Posted Thursday October 19, 2006 at 04:10 PM
Behold, the much-awaited revamped Vanity Fair website, latest in a star-studded rollout of Conde Nast magazine sites finally catching up to the internet age. This past summer VF brought on Andrew Hearst as web editor (scoring ace content as well as online savvy), and the resulting site is clean, easily navigable and distinctly Vanity Fair, with nav bar categories like "Politics & Power" and "Entertainment & Culture" both which are pointedly separate and distinct from "Fame & Scandal" (the Clooney cover story, however, is categorized under the latter - zing!). The VF sensibiltiy is also apparent in the use of evocative one-word slugs for different features - "Bling" for one on Jacob The Jeweler, "Pillage" to denote Randy "Duke" Cunningham, the unsurprising but just as typically VF "Starlet" for outtakes from Rachel Bilson's photo shoot,wherein she appears surprisingly clothed. The site also features content from issues past, both recent (Christopher Hitchens on blowjobs, in case you missed it the first time or just want to lie back and receive the turgid imagery) and 'classic' (mostly recent classics, like last year's Deep Throat scoop, an Eliot Spitzer profile from January 2005). And, of course, you want Suri photos? They got Suri photos!

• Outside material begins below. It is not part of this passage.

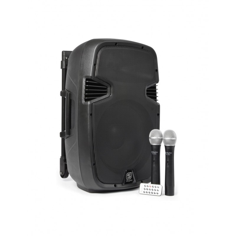 Sistema de som profissional portátil de 12" 500W incorporando 2 microfones sem fios UHF que operam em distintas frequencias, comando à distancia e reprodutor integrado de MP3 por USB e SD Card. Este sistema tudo em um, alimenta-se por 220V ou por bateria interna recarregável de 12V para alimentar o woofer de 12" e motor de agudos. Na parte traseira encontramos 2 entradas para microfones com efeito echo, entrada de linha, controlos de MP3 e equalizador de 5 bandas.

Note that this is just the first day of a soft launch; Hearst promises that there will be "lots and lots of original material" coming soon. "This is really primarily a major redesign," says Hearst, promising impending RSS feeds plus blogs "probably within a few weeks" (no word yet on who will be blogging besides James Wolcott, whose blog for now enjoys links from all over the site). Hearst will have help in taking the site to the next level starting on October 30th with the arrival of ex-Gawkeress Jessica Coen, who will lend her tart wit to the site as deputy online editor. Until then the site still boasts quite a bit of material — at the end of each feature there are auto-generated links from the archives which are mostly recent but do include material from the past half-decade or so (Hearst says they will be excavating material from the more distant past as well, and look for writer-specific archives upcoming too. All the Hitch that's fit to print!).